Lincoln leads the Oscar race, Life of Pi is second. But there are more than a few surprises among the nominations.  

It seemed that this year’s Oscar nominations would unfold as expected.  Many prediction and handicapping articles, most of them alike, said so.

Well, not quite.

Yes, the usual subjects are all there in the Best Picture category: Lincoln with 12 nominations over all, Zero Dark Thirty (which opens here tomorrow), Argo, Les Misérables and the others.

Notice: two CIA operations competing against each other. 

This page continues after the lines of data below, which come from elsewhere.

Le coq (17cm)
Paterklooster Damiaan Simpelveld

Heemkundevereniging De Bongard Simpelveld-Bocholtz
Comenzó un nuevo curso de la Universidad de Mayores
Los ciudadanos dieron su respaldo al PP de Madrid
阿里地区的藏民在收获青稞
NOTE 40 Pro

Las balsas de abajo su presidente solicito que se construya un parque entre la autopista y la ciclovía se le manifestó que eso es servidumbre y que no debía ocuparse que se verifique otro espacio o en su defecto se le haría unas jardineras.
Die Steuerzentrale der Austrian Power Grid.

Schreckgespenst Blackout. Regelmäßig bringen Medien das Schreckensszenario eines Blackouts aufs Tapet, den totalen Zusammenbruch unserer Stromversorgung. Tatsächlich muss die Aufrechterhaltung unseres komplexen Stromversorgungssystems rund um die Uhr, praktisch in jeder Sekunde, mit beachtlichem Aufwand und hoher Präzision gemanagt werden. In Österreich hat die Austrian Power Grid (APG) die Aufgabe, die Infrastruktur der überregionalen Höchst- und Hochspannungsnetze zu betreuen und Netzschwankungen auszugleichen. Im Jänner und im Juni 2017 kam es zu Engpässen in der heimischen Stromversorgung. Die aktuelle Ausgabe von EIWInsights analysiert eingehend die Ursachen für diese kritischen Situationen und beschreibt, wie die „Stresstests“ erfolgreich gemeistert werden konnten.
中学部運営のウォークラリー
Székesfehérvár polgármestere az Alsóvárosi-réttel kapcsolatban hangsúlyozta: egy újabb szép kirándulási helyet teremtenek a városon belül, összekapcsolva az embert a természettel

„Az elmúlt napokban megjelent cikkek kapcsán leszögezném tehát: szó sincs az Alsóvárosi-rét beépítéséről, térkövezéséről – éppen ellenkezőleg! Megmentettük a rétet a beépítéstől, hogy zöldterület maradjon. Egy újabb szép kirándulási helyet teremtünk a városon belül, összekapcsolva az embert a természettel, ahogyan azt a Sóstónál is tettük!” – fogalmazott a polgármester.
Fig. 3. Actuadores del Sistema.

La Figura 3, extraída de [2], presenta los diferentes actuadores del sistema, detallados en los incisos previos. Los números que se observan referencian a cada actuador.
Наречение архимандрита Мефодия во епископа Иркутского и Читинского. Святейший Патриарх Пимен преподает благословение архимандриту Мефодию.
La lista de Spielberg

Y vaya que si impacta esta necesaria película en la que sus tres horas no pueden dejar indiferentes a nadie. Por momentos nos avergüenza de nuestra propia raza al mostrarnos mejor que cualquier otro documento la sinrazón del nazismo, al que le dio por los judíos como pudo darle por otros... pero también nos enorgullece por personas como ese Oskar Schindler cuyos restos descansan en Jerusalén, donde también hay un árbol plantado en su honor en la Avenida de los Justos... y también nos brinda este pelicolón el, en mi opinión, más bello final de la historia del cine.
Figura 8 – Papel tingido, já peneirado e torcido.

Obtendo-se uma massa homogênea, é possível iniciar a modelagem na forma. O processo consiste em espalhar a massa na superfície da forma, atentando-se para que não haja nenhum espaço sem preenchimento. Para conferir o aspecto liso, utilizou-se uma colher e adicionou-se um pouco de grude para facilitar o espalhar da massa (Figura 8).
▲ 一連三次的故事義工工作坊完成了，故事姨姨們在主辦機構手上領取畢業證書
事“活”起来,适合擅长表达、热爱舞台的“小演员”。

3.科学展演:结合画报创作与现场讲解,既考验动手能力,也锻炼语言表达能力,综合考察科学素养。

But Life of Pi with 11? That’s a surprise. And Amour? A foreign-language film nominated as Best Picture is rare enough, but this one crept its unexpected way into five categories in total, including Director and Screenplay (Michael Haneke), Best Actress (Emmanuelle Riva) and Best Foreign Language Film.

Amour opens here next week. It screened last fall at the Vancouver International Film Festival.

Speaking of directors, where are Kathryn Bigelow, Quentin Tarantino and Ben Affleck? Nowhere, although their films have multiple nods and Tarantino has a writing nomination.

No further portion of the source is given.